===== Extracted information

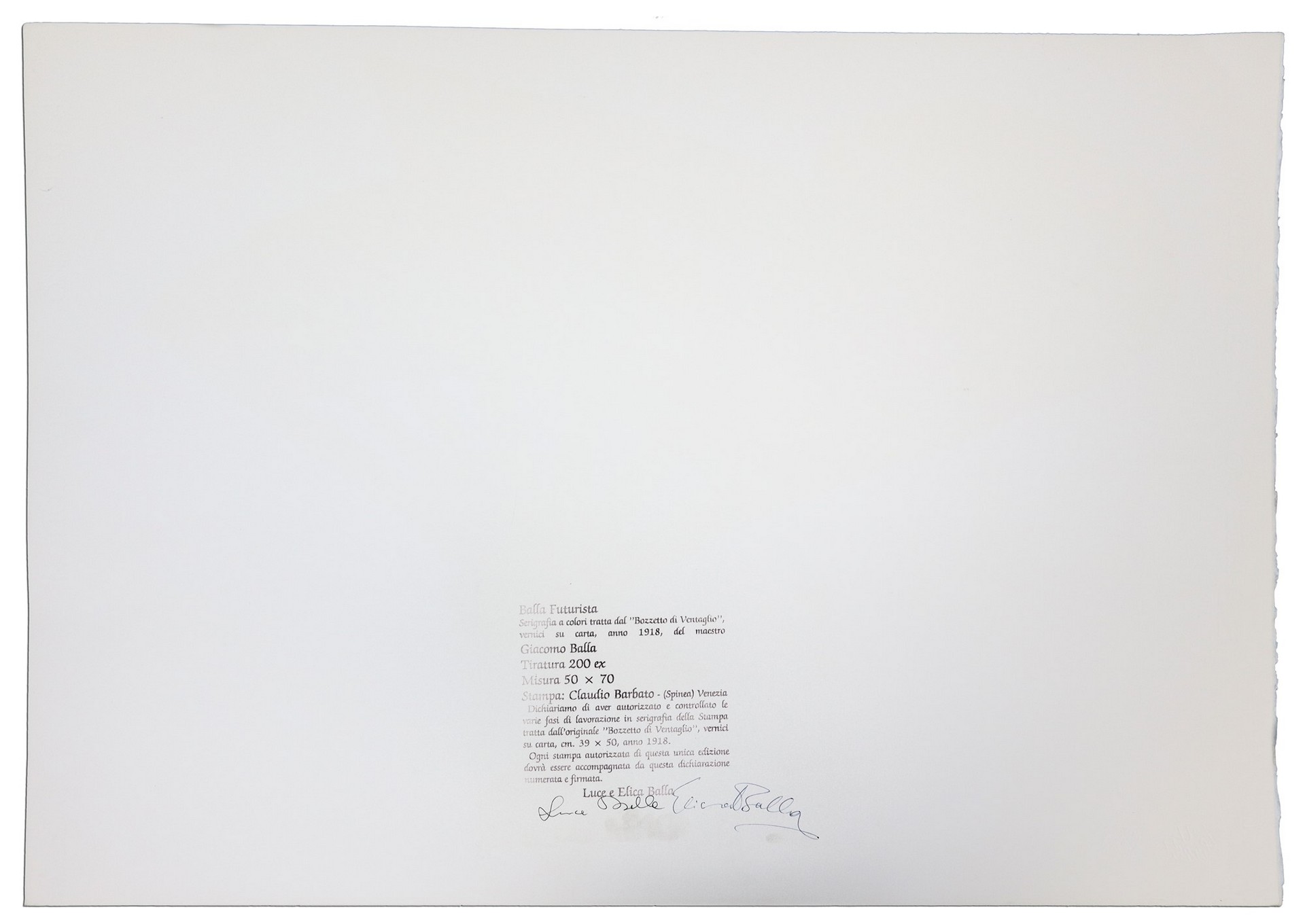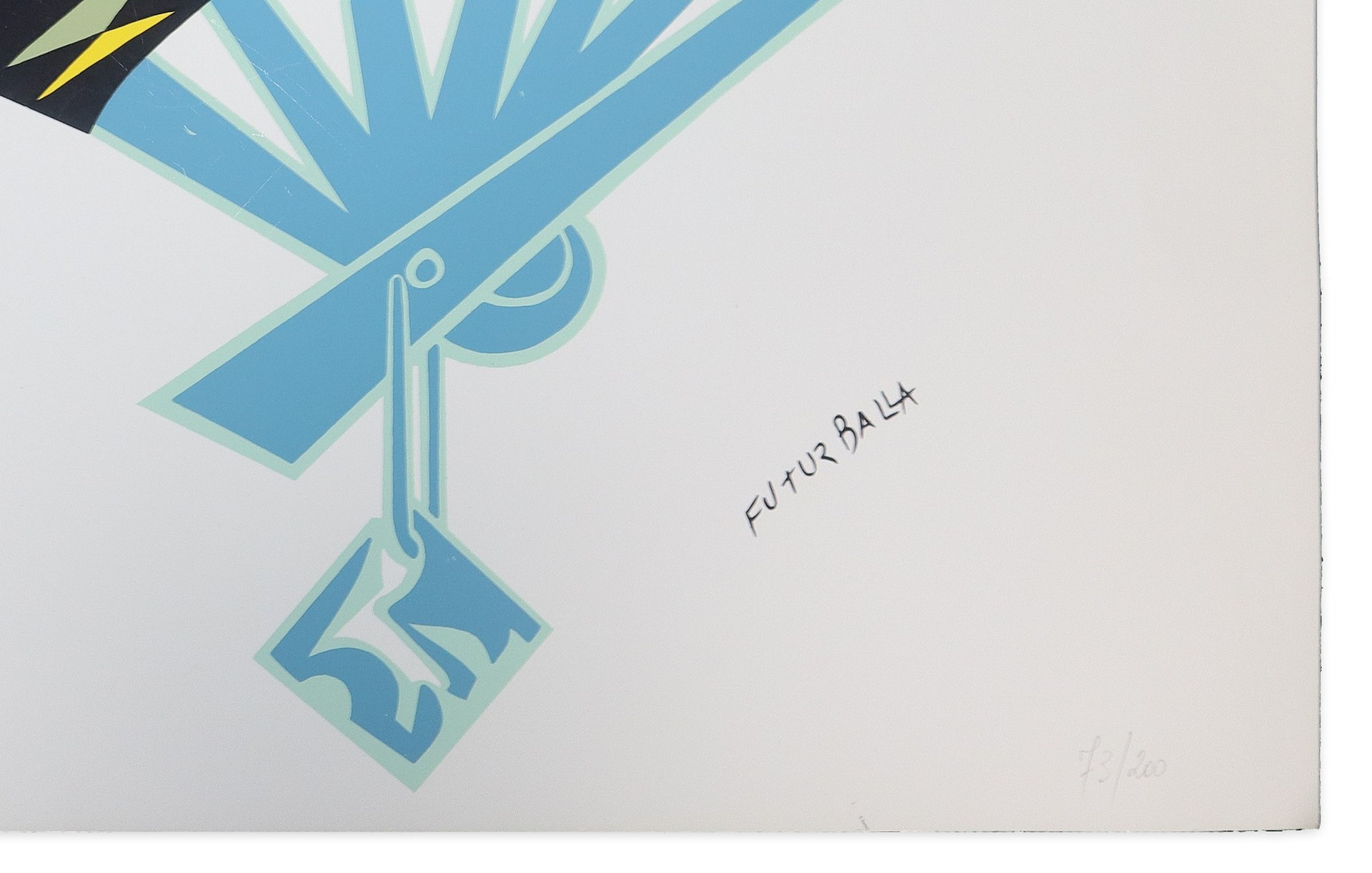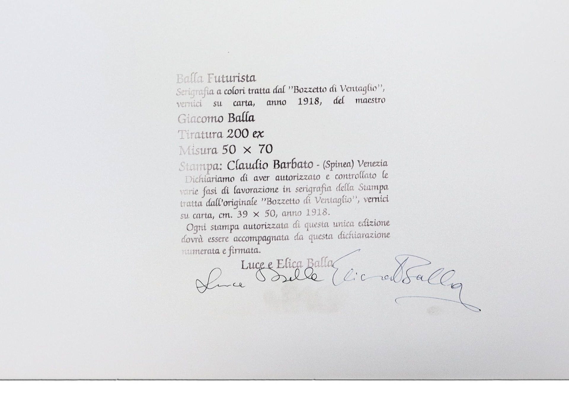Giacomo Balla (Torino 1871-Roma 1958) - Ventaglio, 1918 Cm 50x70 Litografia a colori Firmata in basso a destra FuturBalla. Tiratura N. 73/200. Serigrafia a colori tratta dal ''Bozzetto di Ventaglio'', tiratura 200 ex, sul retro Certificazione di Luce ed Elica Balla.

==========
===== Extracted information

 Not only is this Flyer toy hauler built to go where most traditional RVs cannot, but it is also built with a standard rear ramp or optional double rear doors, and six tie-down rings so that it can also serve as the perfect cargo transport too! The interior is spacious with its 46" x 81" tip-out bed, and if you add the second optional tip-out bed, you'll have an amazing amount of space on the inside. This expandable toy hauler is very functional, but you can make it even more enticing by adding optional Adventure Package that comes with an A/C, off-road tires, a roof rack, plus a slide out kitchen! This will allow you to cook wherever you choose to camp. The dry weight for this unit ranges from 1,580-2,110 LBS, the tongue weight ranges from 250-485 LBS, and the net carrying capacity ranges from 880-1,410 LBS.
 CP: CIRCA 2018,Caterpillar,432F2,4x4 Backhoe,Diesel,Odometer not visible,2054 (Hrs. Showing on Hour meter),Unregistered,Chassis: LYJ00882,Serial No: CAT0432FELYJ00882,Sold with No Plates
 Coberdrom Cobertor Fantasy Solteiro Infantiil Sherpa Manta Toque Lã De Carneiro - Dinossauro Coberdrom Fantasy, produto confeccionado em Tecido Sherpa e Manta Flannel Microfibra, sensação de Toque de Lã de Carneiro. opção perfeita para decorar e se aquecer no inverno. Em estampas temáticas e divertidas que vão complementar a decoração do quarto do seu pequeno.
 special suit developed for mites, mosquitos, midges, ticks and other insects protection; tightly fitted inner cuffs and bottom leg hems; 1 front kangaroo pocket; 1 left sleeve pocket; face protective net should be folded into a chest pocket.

==========
===== Extracted information

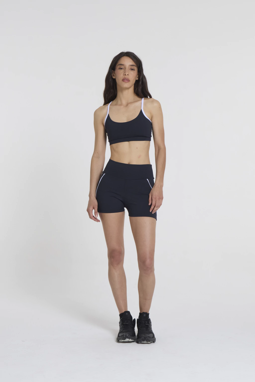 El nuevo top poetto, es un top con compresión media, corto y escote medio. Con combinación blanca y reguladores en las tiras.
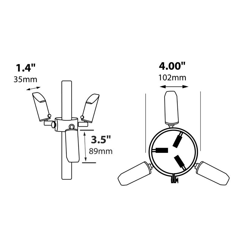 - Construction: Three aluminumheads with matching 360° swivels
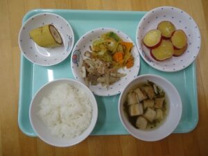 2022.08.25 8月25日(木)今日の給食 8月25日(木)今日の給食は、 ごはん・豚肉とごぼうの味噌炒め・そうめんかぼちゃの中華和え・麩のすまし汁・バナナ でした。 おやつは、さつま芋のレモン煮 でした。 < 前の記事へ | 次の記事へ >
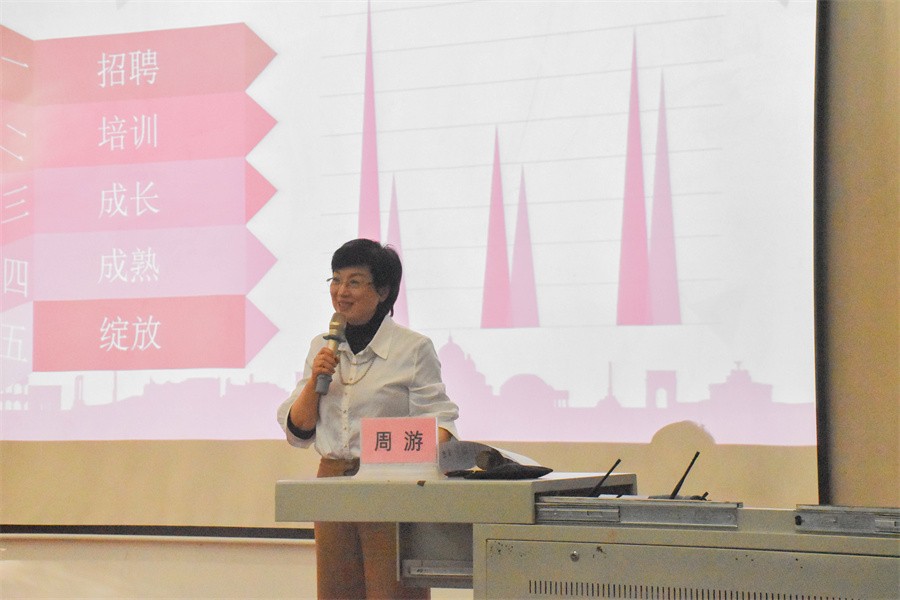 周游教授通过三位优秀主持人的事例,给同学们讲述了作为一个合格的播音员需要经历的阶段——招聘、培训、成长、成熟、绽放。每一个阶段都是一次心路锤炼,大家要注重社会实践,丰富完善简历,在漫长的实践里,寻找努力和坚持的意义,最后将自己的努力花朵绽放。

==========

--- Task to carry out ---
In the listing above, find the line containing "El nuevo top" and the line containing "周游教授通过三位优秀主持人的"; print those lines and every line between them exactly, leaving out pictures.

--- Output ---
 El nuevo top poetto, es un top con compresión media, corto y escote medio. Con combinación blanca y reguladores en las tiras.
 - Construction: Three aluminumheads with matching 360° swivels
 2022.08.25 8月25日(木)今日の給食 8月25日(木)今日の給食は、 ごはん・豚肉とごぼうの味噌炒め・そうめんかぼちゃの中華和え・麩のすまし汁・バナナ でした。 おやつは、さつま芋のレモン煮 でした。 < 前の記事へ | 次の記事へ >
 周游教授通过三位优秀主持人的事例,给同学们讲述了作为一个合格的播音员需要经历的阶段——招聘、培训、成长、成熟、绽放。每一个阶段都是一次心路锤炼,大家要注重社会实践,丰富完善简历,在漫长的实践里,寻找努力和坚持的意义,最后将自己的努力花朵绽放。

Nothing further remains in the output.